How to Apply for an IPO via UPI in 2025 — Step by Step
Since 2019, SEBI has made UPI-based ASBA (Application Supported by Blocked Amount) the primary method for retail investors to apply for IPOs in India. The process is fast, digital, and your money stays in your bank account until allotment — only blocked, not debited.
What You Need Before Applying
- A Demat account (with any SEBI-registered broker)
- A UPI-enabled bank account (Paytm, Google Pay, PhonePe, BHIM, etc.)
- Your PAN linked to your Demat account
Step-by-Step: Applying via Broker App
- Open your broker app (Zerodha, Groww, Upstox, Angel One, etc.)

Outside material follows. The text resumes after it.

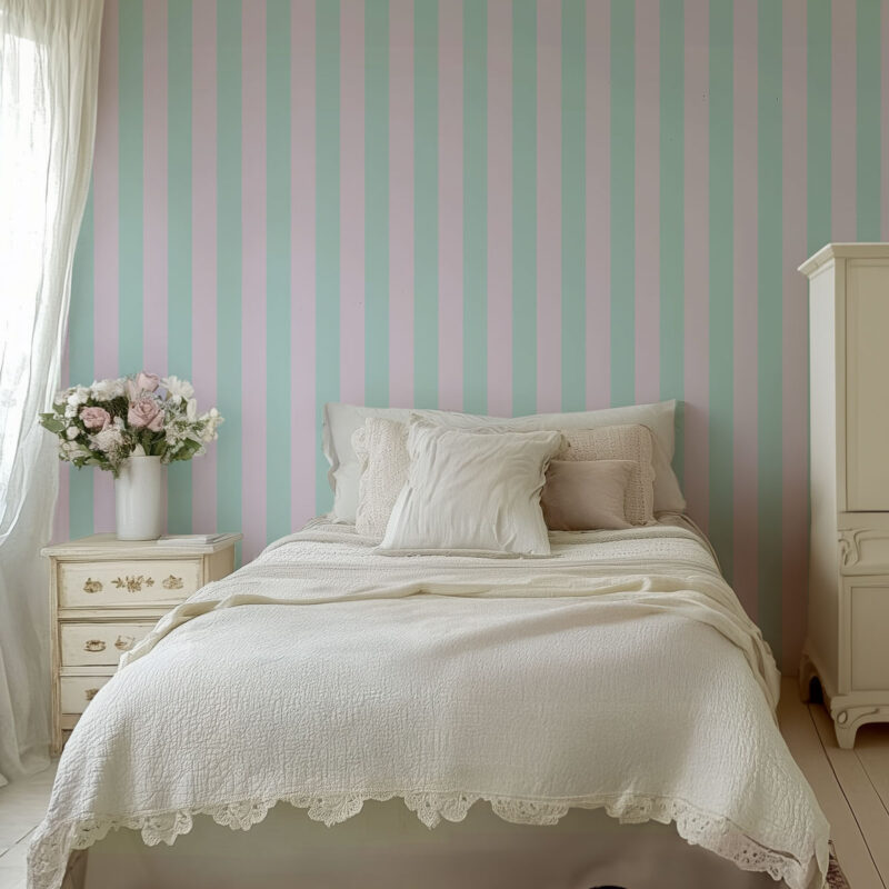 This vertical striped wallpaper features shades of pastel green and light pink. This combination creates a serene and modern atmosphere in a child’s room, a teenager’s room, or any other living space. Available in wide stripes (9 cm) or narrow stripes (5 cm), the Amande design from our Poudrée collection adapts to all your decorating needs, bringing a trendy balance to your interior.

- Go to IPO section — usually under "Markets" or "Invest"
- Select the IPO you want to apply for
- Choose number of lots — minimum 1 lot for retail
- Enter bid price — select "Cut-off price" to apply at the upper band
- Enter your UPI ID (e.g., name@okicici)
- Submit application
- Approve mandate in your UPI app within the deadline
UPI Mandate Deadline: You must approve the mandate by 5 PM on the IPO close date. If you miss it, your application will be rejected — even if submitted on time.

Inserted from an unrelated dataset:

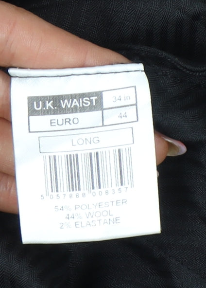 Jeff Banks Men's Grey Check Dress Trousers 34L Wool Blend Straight Fit

Cut-Off Price vs. Specific Price
Always select "Cut-off price" unless you have a specific reason to bid lower. Cut-off means you accept whatever final price the company decides within the price band. Bidding below cut-off price increases the risk of rejection.
What Happens After Application?
Your bank account shows the bid amount as "blocked" — not debited. After the IPO closes, allotment is done (typically T+6 days). If you get allotment, the amount is debited and shares are credited to your Demat. If not, the block is released immediately.
Common Mistakes to Avoid
- Wrong UPI ID: Double-check before submitting — a typo means your application is rejected
- Insufficient balance: Ensure your account has at least the full bid amount available
- Multiple applications: Applying from the same PAN multiple times leads to rejection of all applications
- Missing mandate: The most common reason for rejection — approve the UPI mandate promptly
Note: Retail investors can apply for a maximum of ₹2 lakh per IPO. For higher amounts, you need to apply under the NII (Non-Institutional Investor) category via your broker's HNI application form.